**Required work:** From the first line of the entries down to the line with "OMAKASEで予約を取って", write out every line exactly; that last line counts, but pictures do not.

**Data entries:**
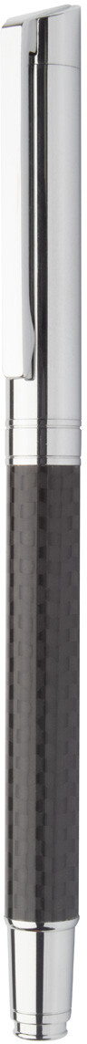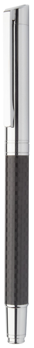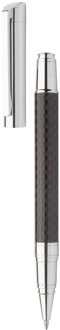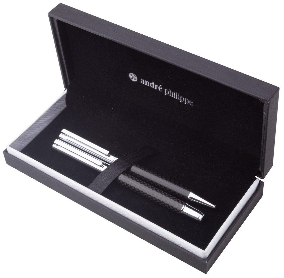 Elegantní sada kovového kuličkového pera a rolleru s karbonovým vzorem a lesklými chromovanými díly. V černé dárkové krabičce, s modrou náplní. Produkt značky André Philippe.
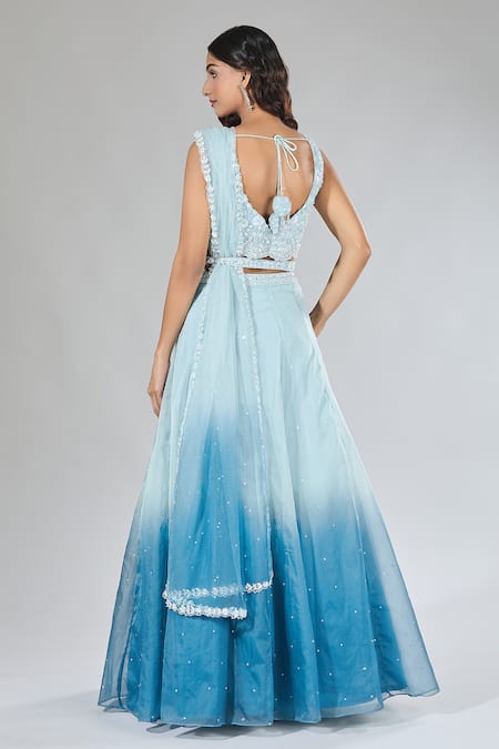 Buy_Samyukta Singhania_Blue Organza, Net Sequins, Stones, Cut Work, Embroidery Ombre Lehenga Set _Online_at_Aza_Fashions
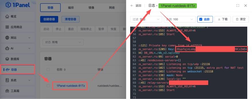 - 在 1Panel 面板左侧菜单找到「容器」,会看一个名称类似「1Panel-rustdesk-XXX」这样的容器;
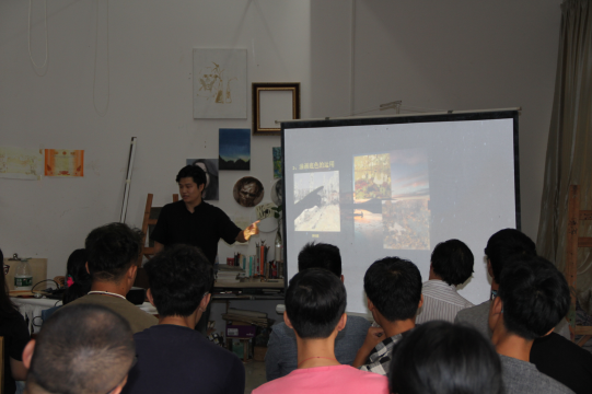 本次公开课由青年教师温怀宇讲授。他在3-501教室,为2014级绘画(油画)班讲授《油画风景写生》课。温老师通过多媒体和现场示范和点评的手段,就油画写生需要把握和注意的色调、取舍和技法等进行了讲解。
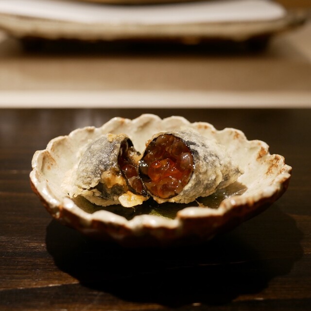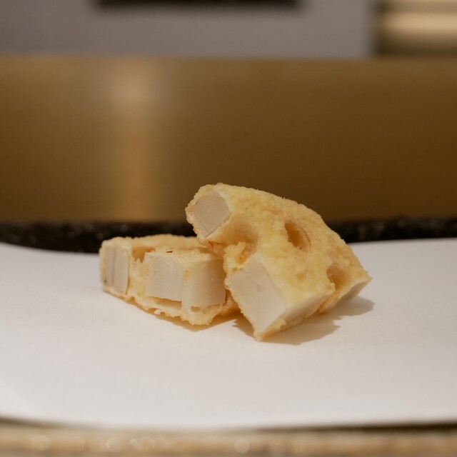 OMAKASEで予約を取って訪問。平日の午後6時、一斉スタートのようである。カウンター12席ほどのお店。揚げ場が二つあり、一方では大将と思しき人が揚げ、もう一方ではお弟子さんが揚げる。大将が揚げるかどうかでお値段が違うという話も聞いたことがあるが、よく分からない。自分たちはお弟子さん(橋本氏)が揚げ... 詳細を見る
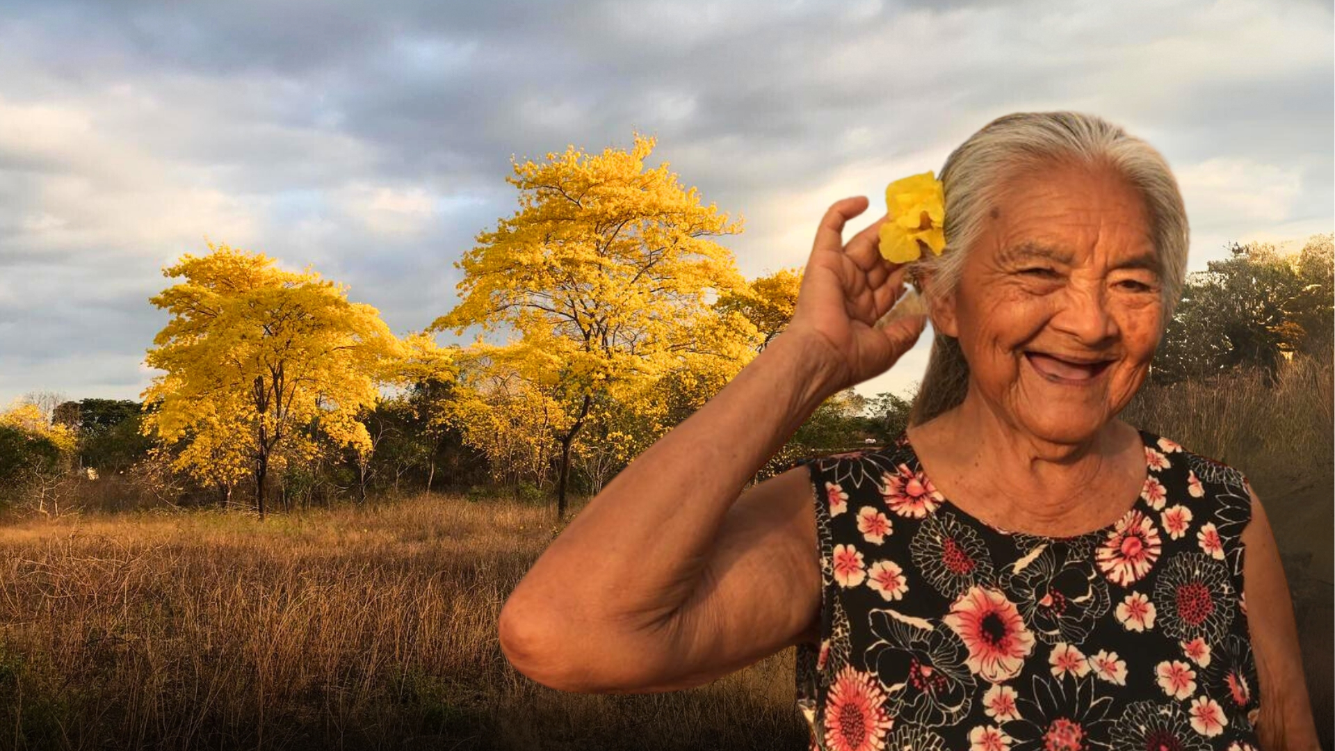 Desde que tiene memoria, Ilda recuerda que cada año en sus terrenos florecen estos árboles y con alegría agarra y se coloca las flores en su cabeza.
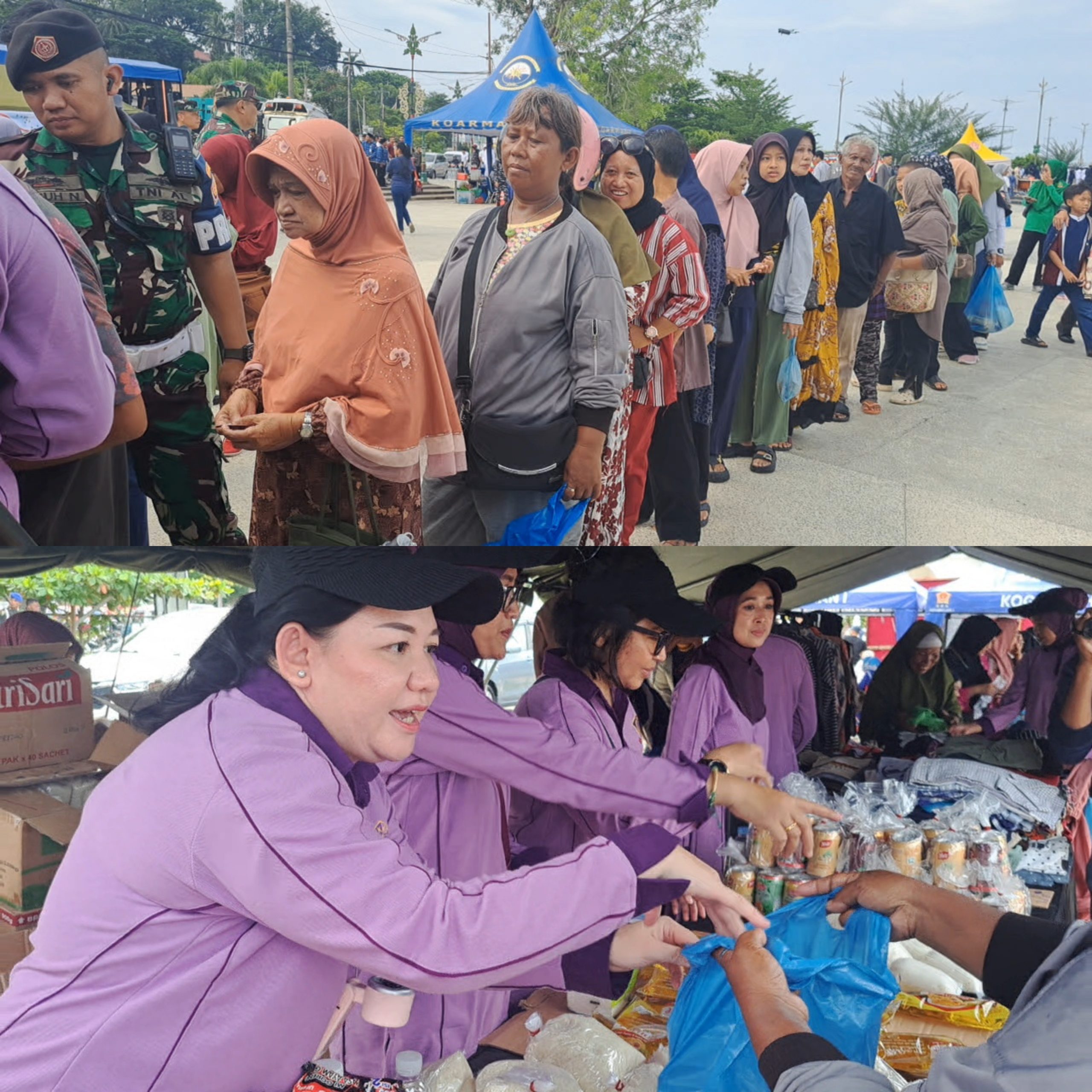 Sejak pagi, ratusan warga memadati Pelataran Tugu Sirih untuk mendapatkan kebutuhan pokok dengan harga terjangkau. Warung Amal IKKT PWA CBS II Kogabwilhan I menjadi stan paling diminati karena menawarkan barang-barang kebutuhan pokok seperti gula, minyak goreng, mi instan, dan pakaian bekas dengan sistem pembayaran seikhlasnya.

**Result:**
 Elegantní sada kovového kuličkového pera a rolleru s karbonovým vzorem a lesklými chromovanými díly. V černé dárkové krabičce, s modrou náplní. Produkt značky André Philippe.
 Buy_Samyukta Singhania_Blue Organza, Net Sequins, Stones, Cut Work, Embroidery Ombre Lehenga Set _Online_at_Aza_Fashions
 - 在 1Panel 面板左侧菜单找到「容器」,会看一个名称类似「1Panel-rustdesk-XXX」这样的容器;
 本次公开课由青年教师温怀宇讲授。他在3-501教室,为2014级绘画(油画)班讲授《油画风景写生》课。温老师通过多媒体和现场示范和点评的手段,就油画写生需要把握和注意的色调、取舍和技法等进行了讲解。
 OMAKASEで予約を取って訪問。平日の午後6時、一斉スタートのようである。カウンター12席ほどのお店。揚げ場が二つあり、一方では大将と思しき人が揚げ、もう一方ではお弟子さんが揚げる。大将が揚げるかどうかでお値段が違うという話も聞いたことがあるが、よく分からない。自分たちはお弟子さん(橋本氏)が揚げ... 詳細を見る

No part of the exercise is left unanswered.